In the 1950's, a small Ohio town made national headlines during a fight for integration in public schools. Built in 1869, the Lincoln School stood on the corner of Collins Ave & North East Street in Hillsboro. It served the African-American students, grades one through eight.
While the rest of the nation and Ohio were slowly integrating schools in the early 1950's, the Lincoln School remained the only school for the town's black students.
In the Spring of 1954, the U. S. Supreme Court case, Brown verses the Board of Education, ruled: segregation in schools was illegal. Local parents tried to enroll their children into one of the white elementary school, with no success.
Later that summer, to force integration, the Highland County Engineer attempted to burn down the Lincoln School. Ultimately he did not succeed and the school remained standing.
In the fall, five black families led their children back to the white elementary school, only to be continuously turned away. The families filed a lawsuit against the Hillsboro Board of Education.
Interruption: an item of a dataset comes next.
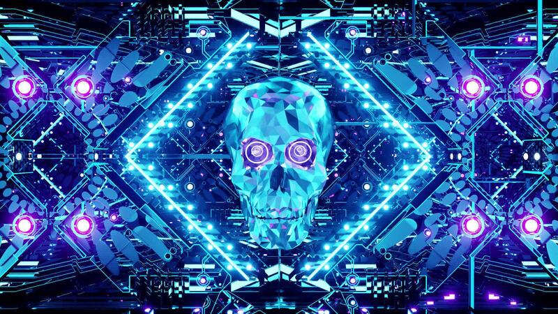 An animated background of crystal skulls and detailed neon light patterns on a seamless loop Free Video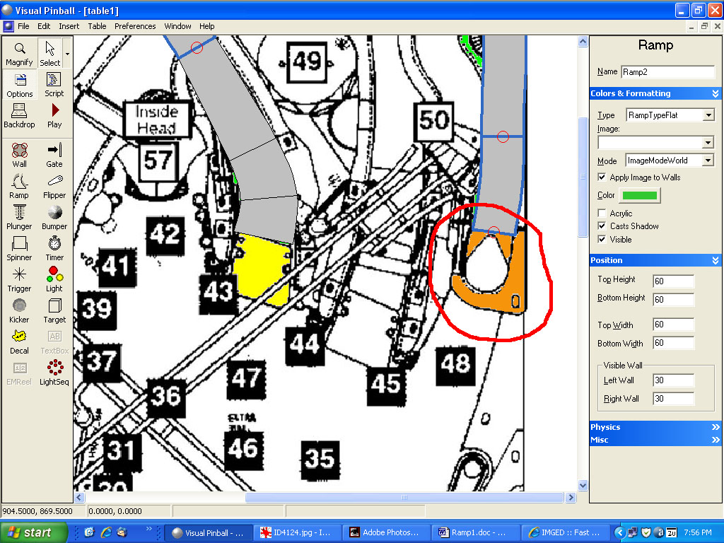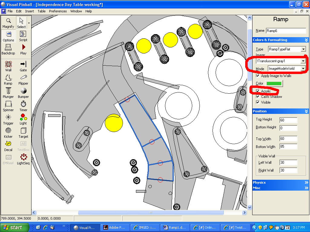 I must use a master table and make stuff with that one and copy and paste it into my wip since, there being so many different objects my poor comp must render, it goes so slow with the table redraw each time I do anything to it. so I have two tables open, one with everything one with just walls and targets. I'm into making the rubbers for the table, then plastics, then I should be all caught up oh...now and ramps! woohoo translucent ramps!!! FINALLY

The case made it to the U.S. District Court and got the attention of the NAACP, who in turn represented the families.
In the Spring 1956, after protesting daily, in front of the white school for two years, the court ordered the Hillsboro Board of Education to desegregate immediately - and just a week later, 11 black children were successfully enrolled into the white elementary school.
The lawsuit became one of the first test cases for Brown verses the Board of Education, and its national media coverage hastened integration in other parts of Ohio and the north.